The open-source AI tool OpenClaw has attracted a lot of attention from users around the world in recent weeks. The software, developed by Austrian engineer Peter Steinberger, allows users to automatically perform various tasks on the computer through an AI assistant.
Thanks to its open source code, OpenClaw can be freely downloaded and customized, which has contributed to its rapid popularity. However, cyber security experts warn that this very openness can pose a serious security risk.
OpenClaw has extensive computer access powers
Unlike AI tools such as: ChatGPT or Gemini that function as web or mobile applications, OpenClaw is installed directly into the computer system and is given broad powers to manage the device.
This means that AI can open documents, send messages, manage e-mails, view files or even write programming code based on commands sent by the user through communication applications.
It is precisely because of this approach that experts warn that installing OpenClaw practically means giving full access to the system.
The security team of XinDun Security warns that OpenClaw can see everything that appears on the computer screen. If the user downloads a modified or malicious version of the software, there is a risk that attackers will get access to sensitive information such as passwords for online banking, private messages or business data.

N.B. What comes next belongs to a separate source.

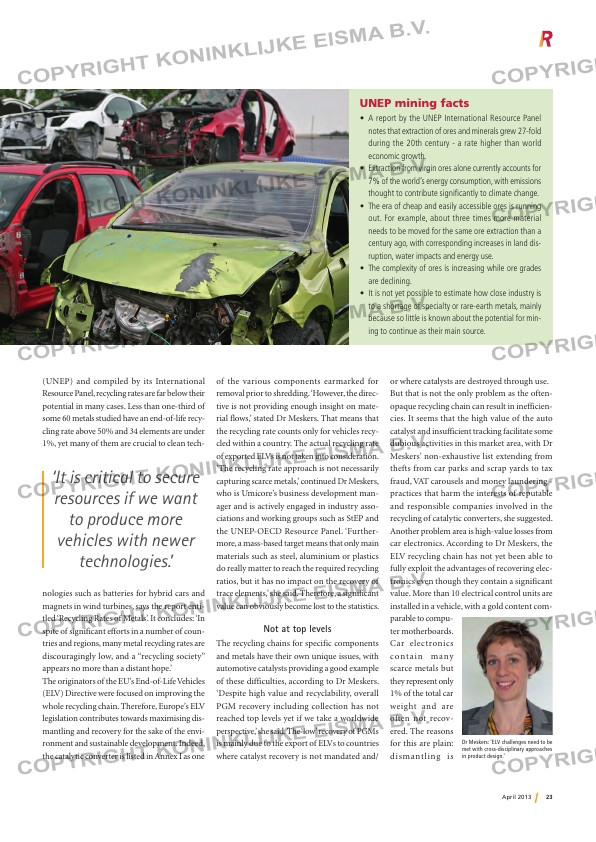 ... 50% and 34 elements are under 1%, yet many of them are crucial to clean tech- nologies such as batteries for hybrid cars and magnets in wind turbines, says the report enti- tled ‘Recycling Rates of Metals’. It concludes: ‘In spi...

An additional problem is the fact that the software is installed deep into the operating system in order to obtain the necessary authority to control the device. Therefore, its complete removal can be complicated, especially for users who do not have advanced technical knowledge.
Experts warn that in such cases, OpenClaw can leave parts of the code in the system that can potentially serve as a “backdoor” for hackers, which in the long run represents a serious security risk for users.